Arithmetic operators +, -, /, %, * are supported as well as
generic expressions. Functions are not specified according to SQL
keyword syntax but rather as a function identifier with parameters
similar to programming languages. The format of functions is:
function (param1, param2, ...).
The following comparison operators are available:
Table 4.1. Comparison Operators
| Operator | Description |
|---|---|
| < | less than |
| > | greater than |
| <= | less than or equal to |
| >= | greater than or equal to |
| = | equal |
| != | not equal |
| IS [NOT] NULL | tests if value is NULL |
| IS [NOT] [TRUE | FALSE] | tests if value is true or false |
The following mathematical operators are supported:
Table 4.2. Mathematical Operators
| Operator | Description |
|---|---|
| + | addition (and string concatenation for strings) |
| - | subtraction |
| / | division |
| % | modulus (remainder of integer division) |
| * | multiplication |
The following mathematical functions are supported:
Table 4.3. Mathematical Functions
| Function | Return Type | Example | Result | Description |
|---|---|---|---|---|
| abs(x) | Same as x | abs(-17.4) | 17.4 | Absolute value |
| ceil(dp or numeric) | Same as input | ceil(-42.8) | -42 | Smallest integer not less than argument |
| exp(dp or numeric) | Same as input | exp(1.0) | 2.71828182845905 | exponential |
| floor(dp or numeric) | Same as input | ln(2.0) | 0.693147180559945 | natural logarithm |
| log(dp or numeric) | Same as input | log(100.0) | 2 | base 10 logarithm |
| power(a dp, b dp) | double precision | power(9,3) | 729 | a raised to the power of b |
| random() | double precision | random() | random value between 0.0 and 1.0 | |
| sqrt(dp or numeric) | double precision | sqrt(2.0) | 1.4142135623731 | square root |
The following string functions are supported:
Table 4.4. String Functions
| Function | Return | Example | Result | Description |
|---|---|---|---|---|
| <str> + <str> | String | 'Unity' + 'JDBC' | UnityJDBC | String concatenation |
| ascii(string) | int | ascii('xyz') | 120 | ASCII code of the first character of the input string |
| length(string) | int | length('UnityJDBC') | 9 | Length of string in characters |
| lower(string) | String | lower('JDBC') | jdbc | Convert string to lower case |
| position(searchstring, string) | int | position('J','UnityJDBC') | 5 | Location of searchstring in string (indexed from 1) |
| replace(sourcestring, searchstring, replacestring) | String | replace('abUnityabJDBC', 'ab', 'XX') | XXUnityXXJDBC | Replace all occurrences of searchstring in sourcestring with replacestring |
| substring(string, start) | String | substring('UnityJDBC',6) | JDBC | substring starting at position start |
| substring(string, start, count) | String | substring('UnityJDBC,6,2) | JD | substring starting at position start and taking count characters |
| trim(string) | String | trim(' UnityJDBC ') | UnityJDBC | remove leading and trailing spaces from string |
| ltrim(string) OR trim(string, 'LEADING') | String | trim(' UnityJDBC ') | 'UnityJDBC ' | remove leading spaces from string |
| rtrim(string) OR trim(string, 'TRAILING') | String | trim(' UnityJDBC ') | ' UnityJDBC' | remove trailing spaces from string |
| trim(string, ['BOTH', 'LEADING', 'TRAILING'], [<chars>]) | String | trim('aaaUnityJDBCbbb', 'BOTH', 'ab') | UnityJDBC | remove leading, trailing or both from string where characters removed may be optionally specified in <chars> |
| upper(string) | String | upper('jdbc') | JDBC | Convert string to upper case |
Pattern matching is supported using the LIKE
operator.
For example, 'abcdef' LIKE 'ab%' is true. The
'%' is used to match one or more characters, and
'_' is used to match a single character.
Data type conversions are performed using the
CAST(x,y) function. The CAST
function takes any object as the first parameter and takes a string
literal representation of the type to cast to as the second parameter.
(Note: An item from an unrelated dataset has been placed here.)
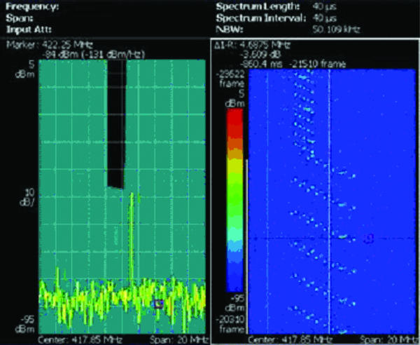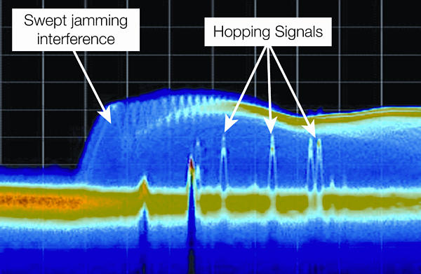 革命性的DPXTM 頻譜顯示技術(shù)可以簡便地發(fā)現(xiàn)其它信號分析儀漏掉的信號。這里看到的是空中捕獲的存在嚴(yán)重屏蔽干擾情況下的跳頻信號。

Note that the type must be put in single quotes as a string literal.
Example:
CAST(45, 'VARCHAR') creates
'45'
Possible type names are: 'VARCHAR',
'CHAR', 'INT',
'FLOAT', 'DOUBLE',
'DATE', 'TIMESTAMP',
'TIME'.
The following date functions are supported:
Table 4.5. Date Functions
| Function | Return Type | Example | Result | Description |
|---|---|---|---|---|
| date() | Date | date() | 2006-07-06 12:53:45 | Return the current date Format: "yyyy-MM-dd HH:mm:ss" |
The following aggregate functions are supported:
Table 4.6. Aggregate Functions
| Function | Argument Type | Return Type | Description |
|---|---|---|---|
| avg(expression) | int, float, double precision type | int for integer types, double precision for float/double types | Average of all input values |
| count(*) | N/A | int | Count of number of input values |
| count(expression) | any | int | Count of number of non-null input values |
| max(expression) | any comparable type | same as input | Maximum of all input values |
| min(expression) | any comparable type | same as input | Minimum of all input values |
| sum(expression) | int, float, double precision type | int for integer types, double precision for float/double types | Sum of all input values |
For queries on a single database, UnityJDBC parses functions and passes them directly to the database engine for execution. Thus, all functions that can be executed at the source are available. UnityJDBC and user-defined functions are used only when applying functions to data after it is extracted from the sources. UnityJDBC will parse queries containing functions that it itself cannot process in its internal database engine. These functions are passed down to the database engine and executed locally. Only functions that require inputs from more than one database are processed in the UnityJDBC database engine. All other functions are passed down to the sources.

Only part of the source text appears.